» Work instructions: Below are the entries. Print only the lines starting at the one with "暖冬だとアウターを脱ぐ時間が" and ending at the one with "上午9点开始共进行了3场比赛", exactly, with no pictures.

» Dataset content:
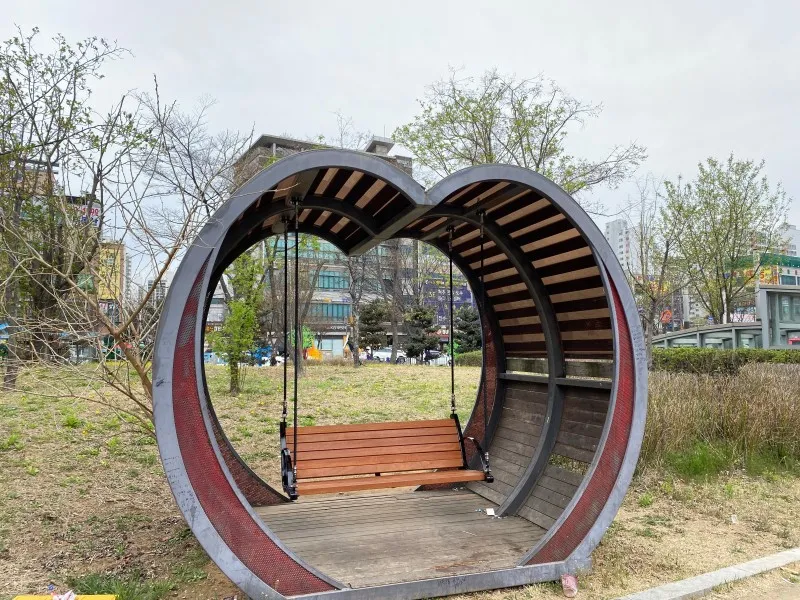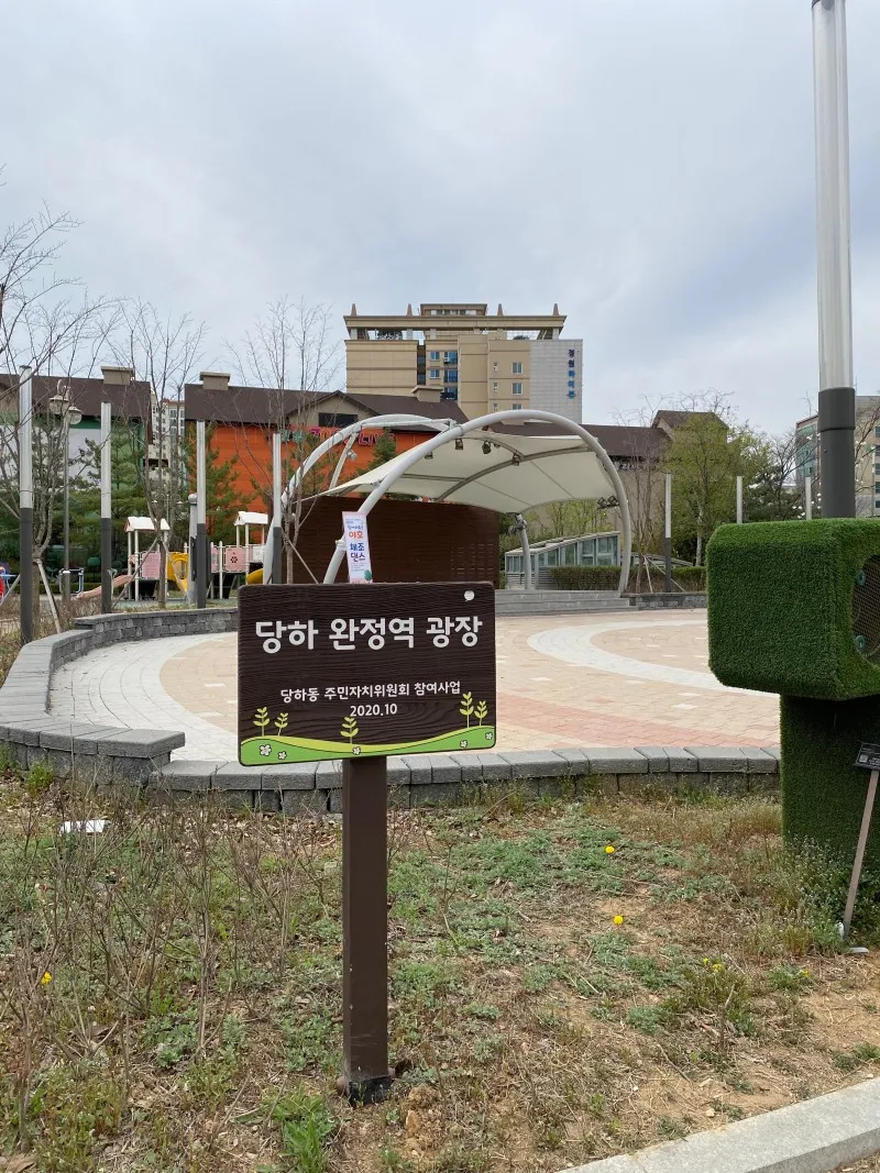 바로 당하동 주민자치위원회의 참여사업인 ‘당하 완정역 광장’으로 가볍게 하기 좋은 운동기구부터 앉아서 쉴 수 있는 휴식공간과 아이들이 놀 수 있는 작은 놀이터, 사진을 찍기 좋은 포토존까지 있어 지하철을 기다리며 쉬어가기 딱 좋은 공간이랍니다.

* * *

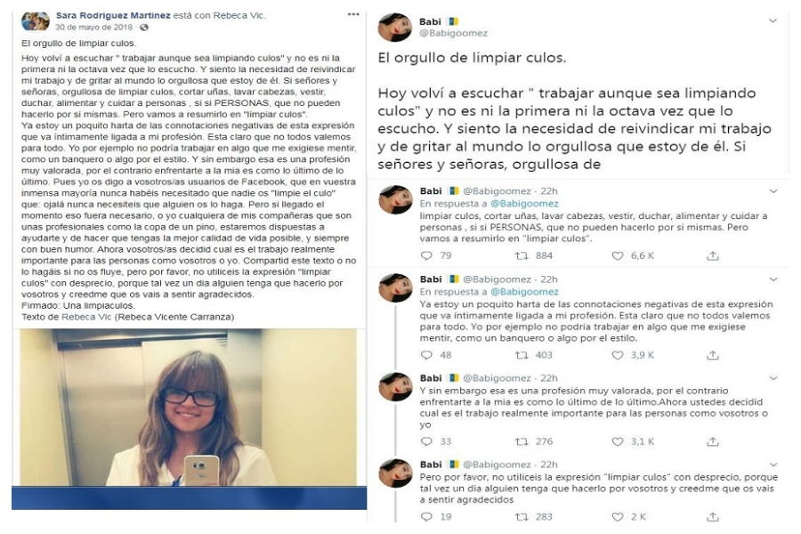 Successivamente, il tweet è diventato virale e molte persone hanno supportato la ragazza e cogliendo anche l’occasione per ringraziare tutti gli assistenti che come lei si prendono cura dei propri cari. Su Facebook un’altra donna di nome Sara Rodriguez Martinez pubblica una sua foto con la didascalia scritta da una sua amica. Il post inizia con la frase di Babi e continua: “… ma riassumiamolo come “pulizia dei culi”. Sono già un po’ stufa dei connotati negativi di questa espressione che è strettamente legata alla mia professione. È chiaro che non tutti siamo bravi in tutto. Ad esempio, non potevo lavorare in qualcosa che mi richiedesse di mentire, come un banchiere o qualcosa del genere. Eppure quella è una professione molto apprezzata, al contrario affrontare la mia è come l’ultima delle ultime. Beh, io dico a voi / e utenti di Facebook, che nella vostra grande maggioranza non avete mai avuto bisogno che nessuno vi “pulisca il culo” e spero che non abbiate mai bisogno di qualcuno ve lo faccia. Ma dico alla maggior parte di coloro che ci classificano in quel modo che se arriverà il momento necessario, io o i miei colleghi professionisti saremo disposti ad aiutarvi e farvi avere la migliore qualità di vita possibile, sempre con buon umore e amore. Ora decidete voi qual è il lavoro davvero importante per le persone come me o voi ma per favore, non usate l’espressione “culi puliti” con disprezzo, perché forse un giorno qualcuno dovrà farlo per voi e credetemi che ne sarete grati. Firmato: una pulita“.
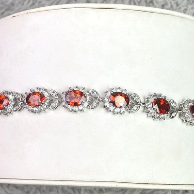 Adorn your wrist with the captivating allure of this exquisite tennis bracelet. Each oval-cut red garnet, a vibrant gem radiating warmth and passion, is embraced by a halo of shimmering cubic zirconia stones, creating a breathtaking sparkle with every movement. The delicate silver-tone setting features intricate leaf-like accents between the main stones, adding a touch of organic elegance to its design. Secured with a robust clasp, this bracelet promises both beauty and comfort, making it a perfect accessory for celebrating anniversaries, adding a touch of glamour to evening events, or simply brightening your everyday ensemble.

* * *

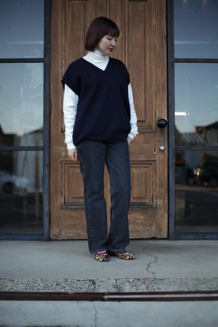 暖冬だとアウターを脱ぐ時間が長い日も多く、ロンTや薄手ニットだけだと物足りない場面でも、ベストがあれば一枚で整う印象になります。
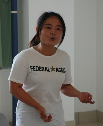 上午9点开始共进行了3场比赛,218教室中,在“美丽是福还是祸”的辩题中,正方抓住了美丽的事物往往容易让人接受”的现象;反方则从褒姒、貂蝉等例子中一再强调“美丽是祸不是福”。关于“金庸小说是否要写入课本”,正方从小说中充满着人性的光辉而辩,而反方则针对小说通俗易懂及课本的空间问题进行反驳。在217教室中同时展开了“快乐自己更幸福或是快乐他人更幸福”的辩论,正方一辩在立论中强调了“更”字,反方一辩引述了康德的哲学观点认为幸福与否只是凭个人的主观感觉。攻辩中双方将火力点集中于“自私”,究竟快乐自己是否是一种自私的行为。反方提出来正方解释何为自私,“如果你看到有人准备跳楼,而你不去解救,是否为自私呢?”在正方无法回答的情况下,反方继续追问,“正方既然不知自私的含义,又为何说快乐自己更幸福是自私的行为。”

» Expected answer:
 暖冬だとアウターを脱ぐ時間が長い日も多く、ロンTや薄手ニットだけだと物足りない場面でも、ベストがあれば一枚で整う印象になります。
 上午9点开始共进行了3场比赛,218教室中,在“美丽是福还是祸”的辩题中,正方抓住了美丽的事物往往容易让人接受”的现象;反方则从褒姒、貂蝉等例子中一再强调“美丽是祸不是福”。关于“金庸小说是否要写入课本”,正方从小说中充满着人性的光辉而辩,而反方则针对小说通俗易懂及课本的空间问题进行反驳。在217教室中同时展开了“快乐自己更幸福或是快乐他人更幸福”的辩论,正方一辩在立论中强调了“更”字,反方一辩引述了康德的哲学观点认为幸福与否只是凭个人的主观感觉。攻辩中双方将火力点集中于“自私”,究竟快乐自己是否是一种自私的行为。反方提出来正方解释何为自私,“如果你看到有人准备跳楼,而你不去解救,是否为自私呢?”在正方无法回答的情况下,反方继续追问,“正方既然不知自私的含义,又为何说快乐自己更幸福是自私的行为。”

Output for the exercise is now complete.